Amid ‘Lockdown.4’ in India, as on May 24, 2020 morning, the recorded Coronavirus cases have mounted to 131,920 with 3,869 deaths. By the way, on the same day, the most populated country in the world – China, where Covid-19 struck first in December 2019, records 82,974 cases with 4634 deaths, so far.
That apart, Covid-19 is a very special situation for all countries, probably more than what happened during the 1918 Spanish flu pandemic, for several reasons. Comparing these two pandemics, especially during the lockdown period, has been common. Due to this pandemic, as many as 675,000 people, reportedly died only in America, many of them were previously healthy young adults. Almost similar situation is on the horizon with the Covid-19 pandemic.
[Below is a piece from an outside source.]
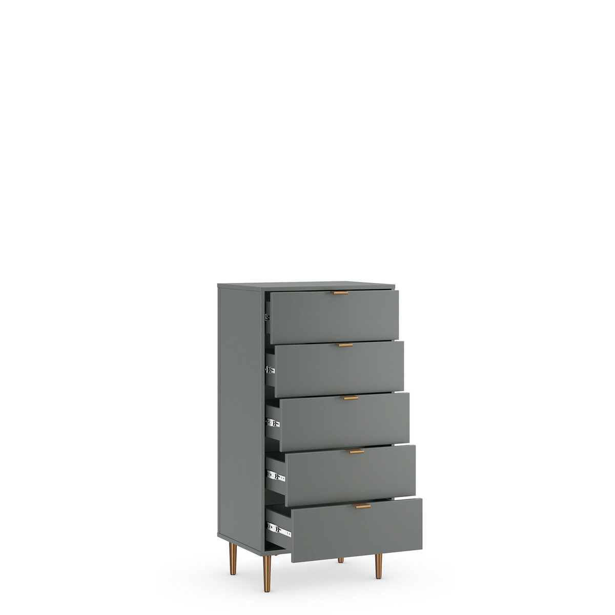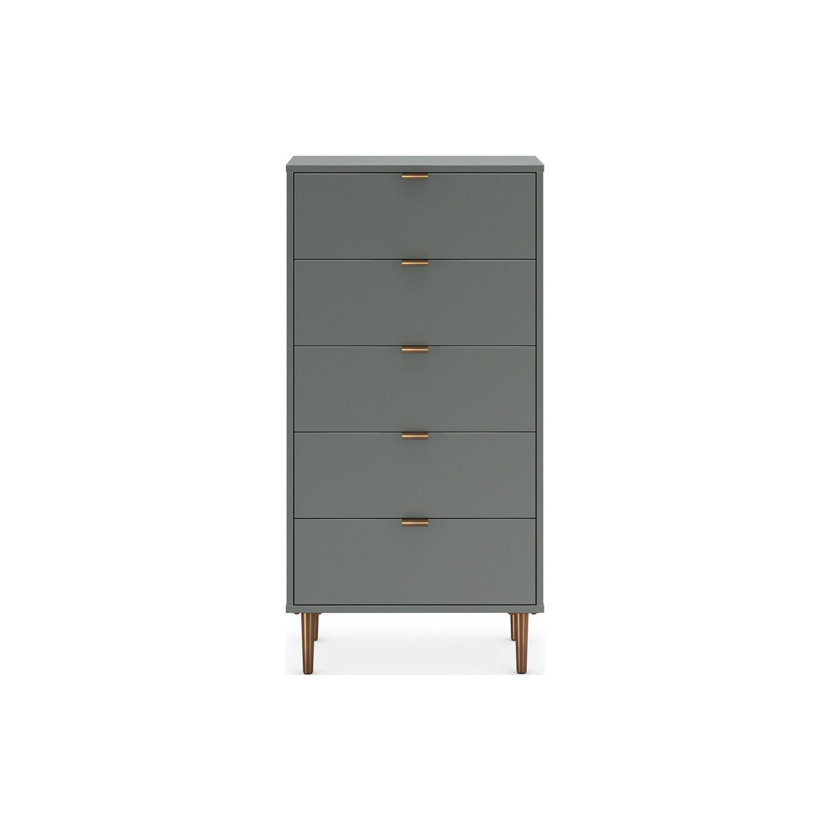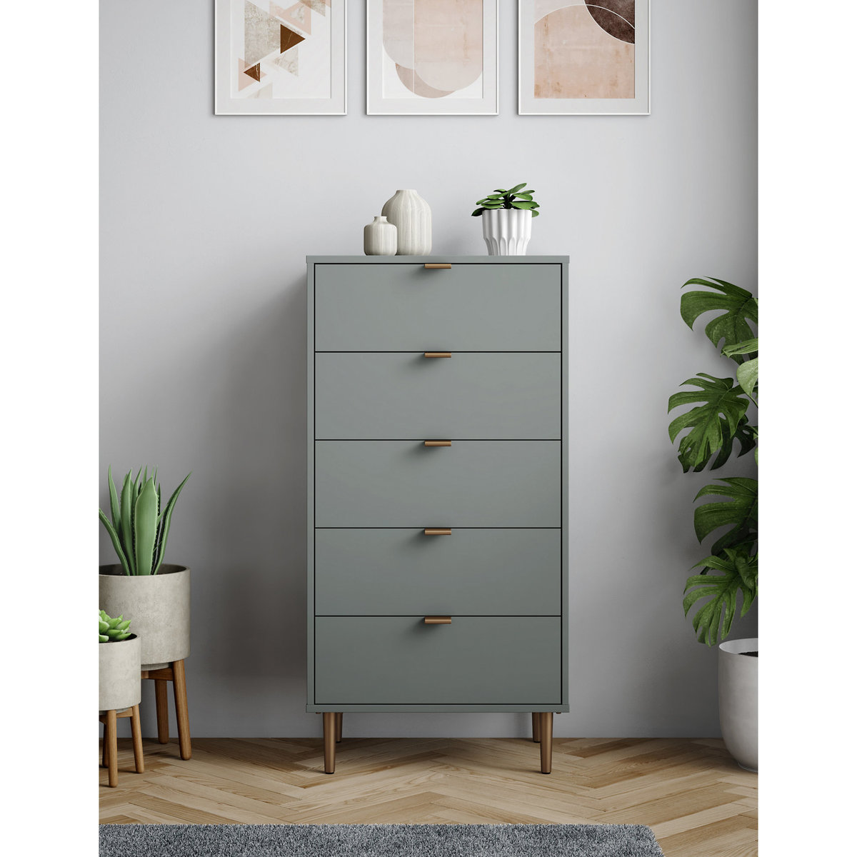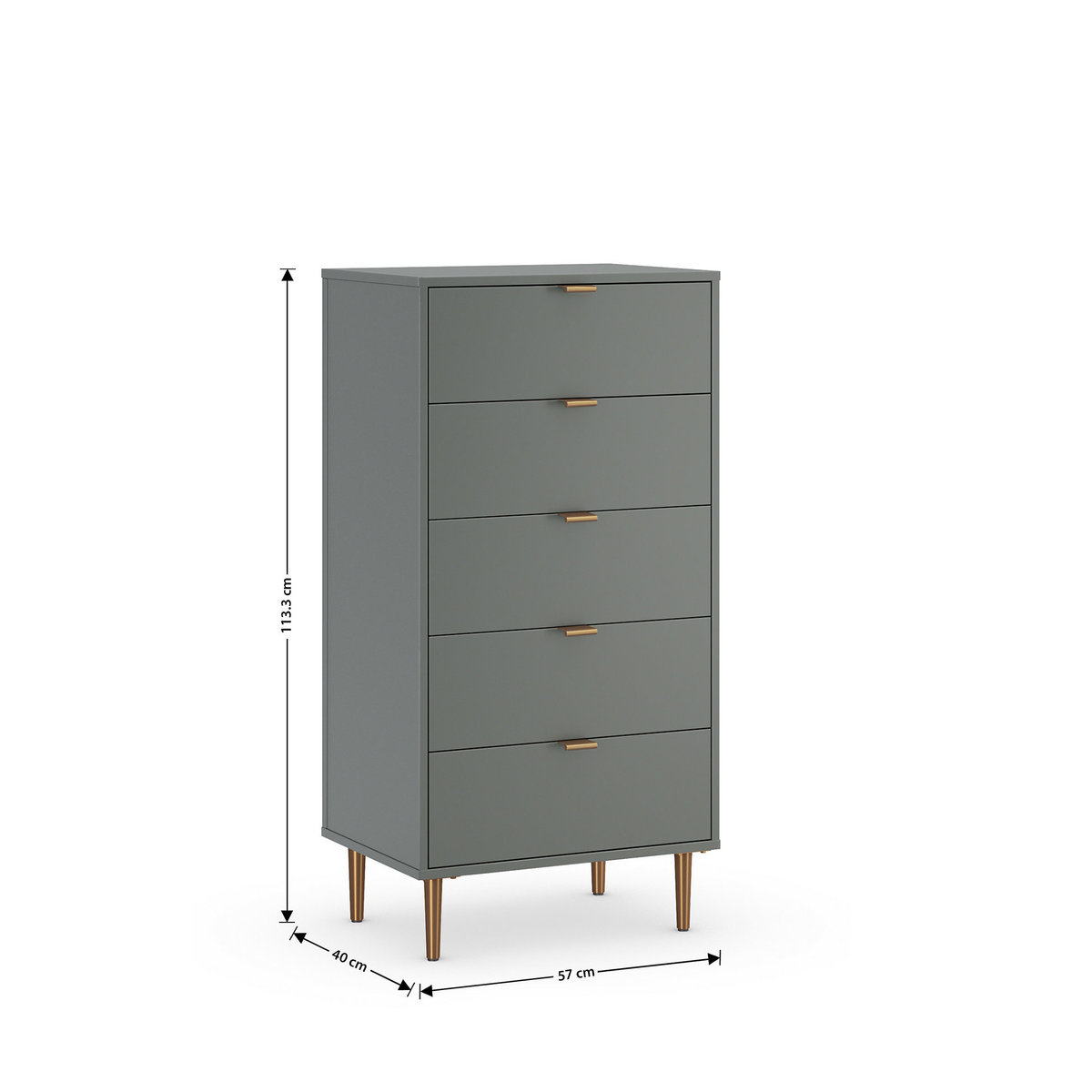 This five-drawer chest from our Quinn range offers ample storage while bringing a clean, modern feel to your decor. The matte lacquer finish is complemented by sleek legs and tab handles in galvanised steel. Ideal for a narrower space, this versatile unit is perfect for use in any room in your home. Matching items are available in the Quinn range. We're so confident our furniture is built to last, our industry-leading guarantee covers any manufacturing failure on all furniture. That's our promise, and why our furniture comes with a 10-year guarantee that you can trust. Excludes: outdoor furniture and any issues that are a result of normal wear and tear, improper care or accidental damage.

Agreed, that the overall healthcare infrastructure and global scientific resources to combat these two pandemics may not be comparable. But even in the context of the 21st century, this is a very critical global situation, for both – saving life and also the livelihood. Thus, for pharma and biotech companies ‘this is not a time to make money’, as the chief executive officer of Serum Institute of India, which is helping produce a vaccine for Covid-19 developed by Oxford, puts it succinctly. Be that as it may, the answer to the two questions that I started with, still remains elusive.
By: Tapan J. Ray
Disclaimer: The views/opinions expressed in this article are entirely my own, written in my individual and personal capacity. I do not represent any other person or organization for this opinion.